Now, for the needs of future investigation, it could be nice to increase the info to incorporate the ultimate verdict choice (i.e. responsible/not responsible/not confirmed). Maybe, this extra information might assist make clear how jurors really see the “not confirmed” verdict.
- If we see larger confidence ranges within the “responsible”/“not responsible” verdicts below the three-verdict system relative to the two-verdict system, this will likely recommend that the “not-proven” verdict is successfully capturing the uncertainty behind the choice making of the jurors, and having it as a 3rd verdict supplies fascinating flexibility that two-option verdict system lacks.
- If the boldness ranges within the “responsible”/“not responsible” verdicts are roughly equal throughout each verdict methods, and the boldness ranges of all three verdicts are roughly equal within the three-verdict system, then this will likely recommend that the “not confirmed” verdict is serving as a real third choice unbiased of the standard binary verdicts.
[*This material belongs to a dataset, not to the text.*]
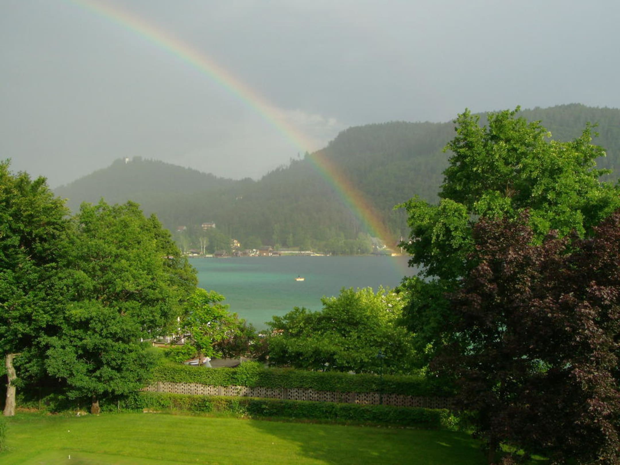 Blick aus dem Hotelfenster des Haupthauses auf die Hotelgartenanlage und den Klopeiner See mit dahinter liegenden Bergen und einen Regenbogen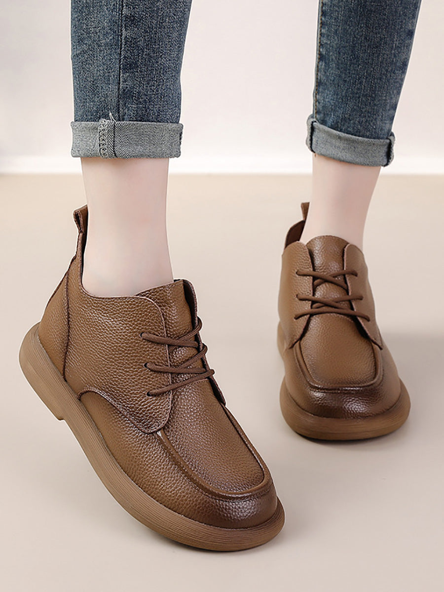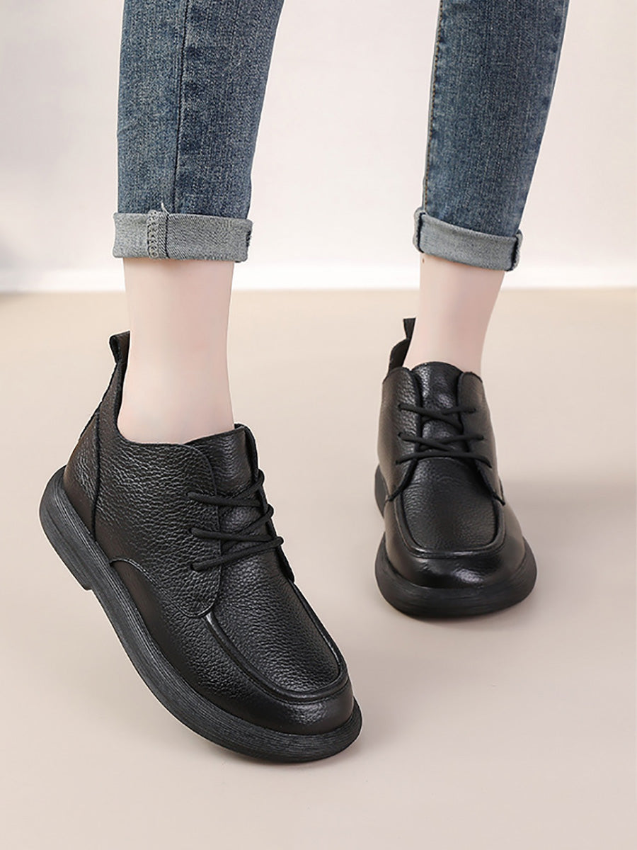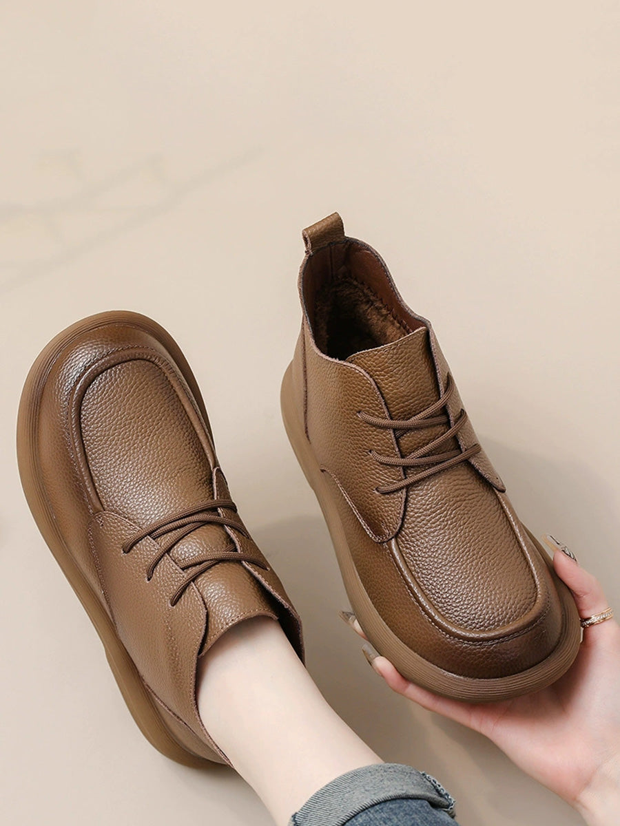 أحذية نسائية شتوية مسطحة من الجلد الطبيعي للكاحل

That’s, jurors are opting to decide on “not confirmed” primarily for causes aside from their uncertainty behind classifying the defendant as responsible/not responsible. Maybe, jurors view “not confirmed” as the decision to decide on when the prosecution has didn’t ship convincing proof, even when the juror has a touch of the true culpability of the defendant.
Lastly, let’s check whether or not there are any variations within the distribution of confidence throughout totally different ranges of battle and verdict.
To check for variations within the distribution of confidence throughout these subgroups, we will run a Kruskal-Wallis test. The Kruskal-Wallis check is a non-parametric statistical technique to check for variations within the distribution of a variable of curiosity throughout teams. It’s applicable whenever you wish to keep away from making assumptions in regards to the variable’s distribution (i.e. non-parametric), the variable is ordinal in nature, and the subgroups below comparability are unbiased of one another. Primarily, you could consider it because the non-parametric, multi-group model of a one-way ANOVA.
R makes this simple for us through the kruskal.test() API. We will specify the next parameters to hold out our check:
x: vector of information whose distribution we wish to evaluate throughout teams. For our functions, this will likely beconfidence.g: issue figuring out the teams over which we wish to evaluate the distribution ofx. We are going to set this togroup_combo, which accommodates the subgroups ofverdictandbattle.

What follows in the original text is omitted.